Некоторое время Архимед размышлял, а затем ответил:
– Что ж, это серьезный вопрос. Это все равно как спросить у тебя, какая твоя любимая книга. В целом, однако, я думаю, что мне следует предпочесть голубя.
– Он что, вкуснее?
– Эту сторону дела я не рассматриваю, – сказал Архимед тоном воспитанного человека. – В сущности говоря, голубь представляет собой любимое блюдо всякого хищника, разумеется, если хищник достаточно велик, чтобы с ним справиться, но я имел в виду лишь его бытовые повадки.
– Опиши их.
– Голубь, – сказал Архимед, – это своего рода квакер. Одевается он во все серое. В детях послушен, в любви постоянен, в родителях мудр и знает, как знает всякий философ, что любой человек ему враг. С ходом столетий голубь приобрел множество специальных познаний по части спасения бегством. Ни единый голубь никогда не совершит акта агрессии, равно как и не нападет на своих преследователей; но, с другой стороны, не существует птицы, столь же искусной в приемах уклонения от них. Голубь научился падать с дерева вниз со стороны, противоположной подходящему к дереву человеку, и лететь низом так, чтобы между ним и человеком оказалась изгородь. Нет птицы, которая так же хорошо оценивает расстояние. Бдительные, пыльные, пахучие и легко теряющие перья – отчего собаки отказываются брать их в зубы, – защищенные от дроби подбивкою своего оперения, голуби с истинной любовью воркуют друг с дружкой, с истинной заботливостью вскармливают своих хитроумно сокрытых детенышей и с истинной мудростью упархивают от любого агрессора – раса любителей мира, вечных переселенцев, уходящих в своих крытых фургонах от воинственных индейцев. Это любящие индивидуалисты, выживающие в борьбе с силами массового истребления лишь благодаря философии бегства.

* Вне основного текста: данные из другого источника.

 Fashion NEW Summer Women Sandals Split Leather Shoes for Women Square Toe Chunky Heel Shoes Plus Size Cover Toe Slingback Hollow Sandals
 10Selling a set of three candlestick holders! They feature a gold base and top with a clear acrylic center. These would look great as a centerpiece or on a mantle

Знаешь ли ты, – прибавил Архимед, – что чета голубей всегда устраивается на ночлег головою к хвосту друг друга, так, чтобы можно было посматривать в обе стороны?

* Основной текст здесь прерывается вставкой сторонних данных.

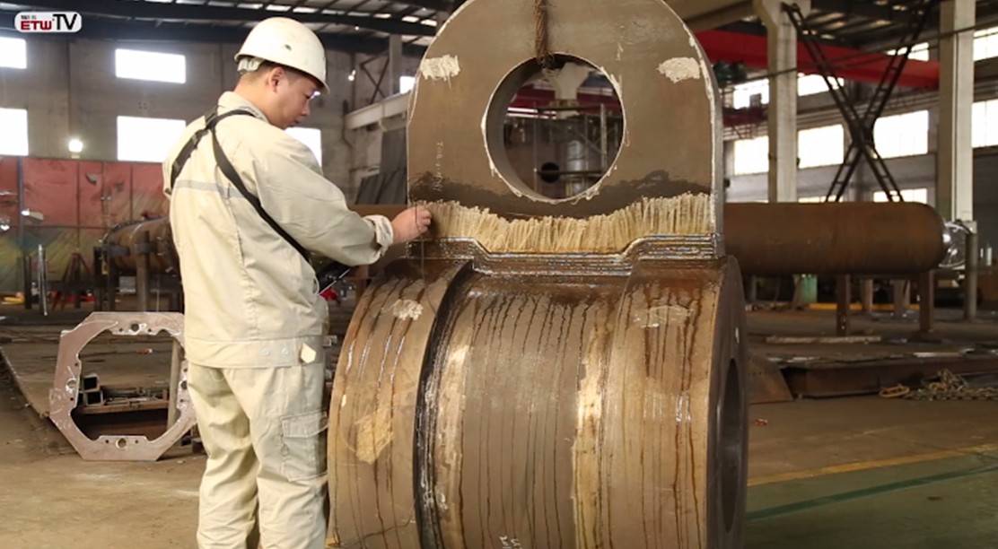 CMEC承接荷蘭TMS公司設(shè)計總包海上風(fēng)電樁管安裝船機(jī)械臂安全卸載在張家港重裝碼頭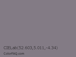 CIELab 52.603,5.011,-4.34 Color is a normal purple color and the nearest color is Jumbo #7c7b82. Hex code #837b85 and RGB value is rgb(131,123,133). In RGB color space, this color is composed of 51% red, 48% green, 52% blue, In CMYK color space, this color is composed of 2% cyan, 8% magenta, 0% yellow , 48% black , In HSL color space, this color has a hue angle of 288° , 4% saturation and 50% lightness.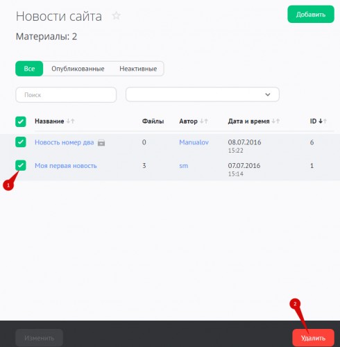 Чтобы удалить одну или несколько новостей, отметьте их в списке и нажмите на кнопку «Удалить»: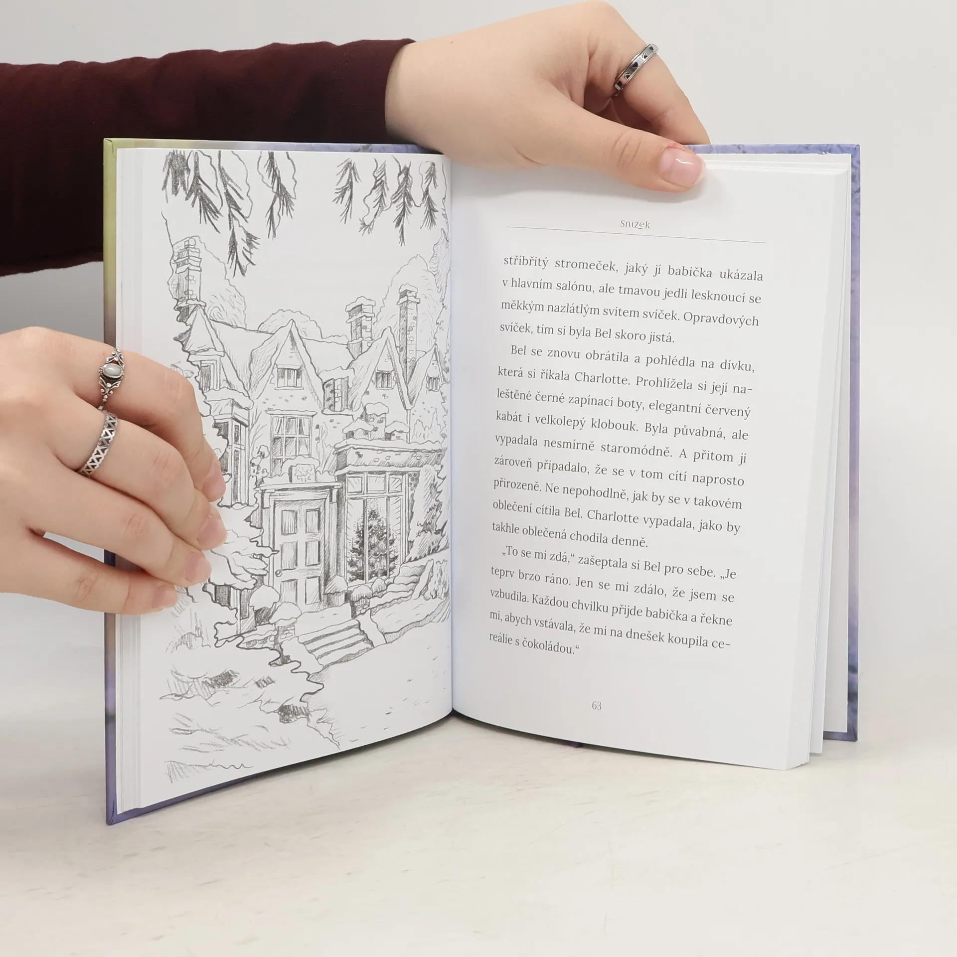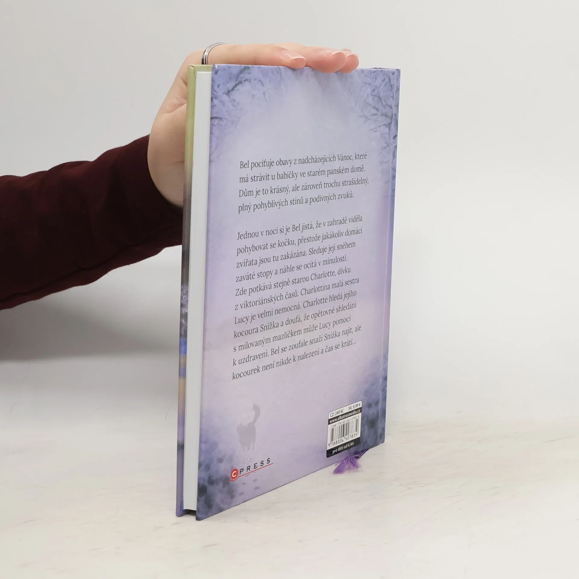 Vánoční příběh, který zahřeje, od světové autorky oblíbené i u nás. Bel pociťuje obavy z Vánoc, které má strávit u babičky ve starém domě. Dům je to krásný, ale zároveň trochu strašidelný. Jednou Bel v zahradě spatří kočku. Sleduje její stopy a náhle se ocitá v minulosti. Zde potkává stejně starou Charlotte, dívku z viktoriánských časů. Charlottina malá sestra Lucy je velmi nemocná. Charlotte hledá jejího kocoura Snížka a doufá, že opětovné shledání s milovaným mazlíčkem může Lucy pomoci k uzdravení. Ale kocourek není nikde k nalezení a čas se krátí…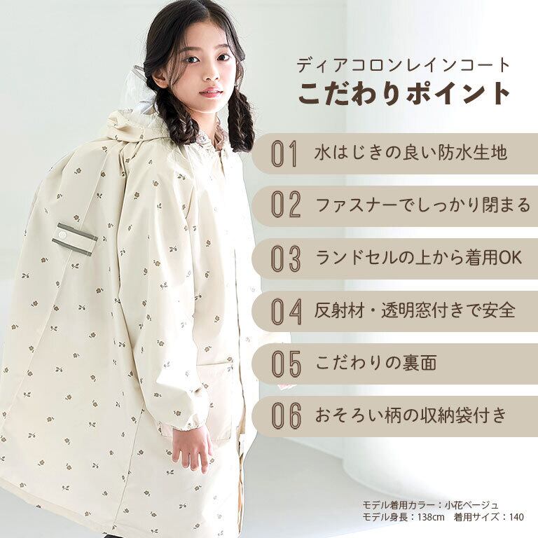 【メール便】レインコート キッズ ランドセル対応 子供 撥水 防水 女の子 男の子 かわいい da039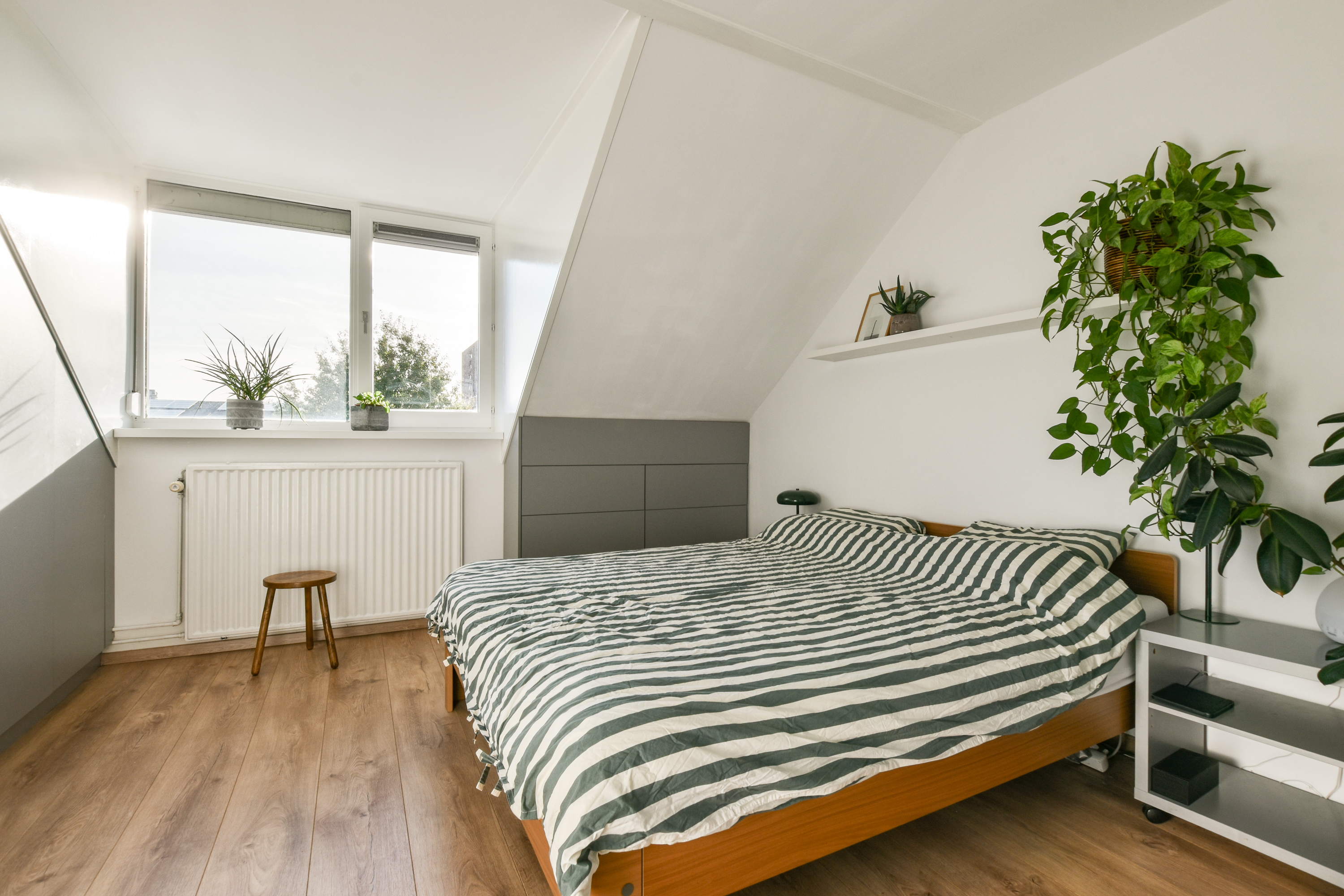 Via een vlizotrap bereik je de zeer royale bergvliering met opstelplek voor de CV-combiketel.

– Я знаю, что так делают наши домашние голуби, – сказал Варт. – И думаю, что люди вечно норовят их убить оттого, что они такие прожорливые. Что мне нравится в вяхирях, так это то, как они хлопают крыльями и как они во время брачных полетов взмывают вверх, складывают крылья и падают, так что полет их походит на полет дятла.
– Вообще-то, на дятлов они не похожи, – сказал Мерлин.
– Вообще-то, нет, – признал Варт.
– А у тебя какая птица любимая? – спросил Архимед, чувствуя, что надо дать высказаться и хозяину.
Мерлин сложил пальцы вместе, как Шерлок Холмс, и без промедления ответил:
– Я предпочитаю зяблика. Мой друг Линней называет его coelebs, или птицей-холостяком. Стаям зябликов хватает ума разделяться на зиму, так что самцы и самки летают отдельно. А потому хотя бы в зимние месяцы они живут в совершенном мире.
– Наша беседа, – напомнил Архимед, – началась с вопроса о том, умеют ли птицы говорить.
– Другой мой друг, – немедленно откликнулся Мерлин наиученейшим своим тоном, – утверждает или будет утверждать, что все разговоры о птичьем языке начинаются с вопроса о подражании. Аристотель, как ты знаешь, также выводит трагедию из подражания.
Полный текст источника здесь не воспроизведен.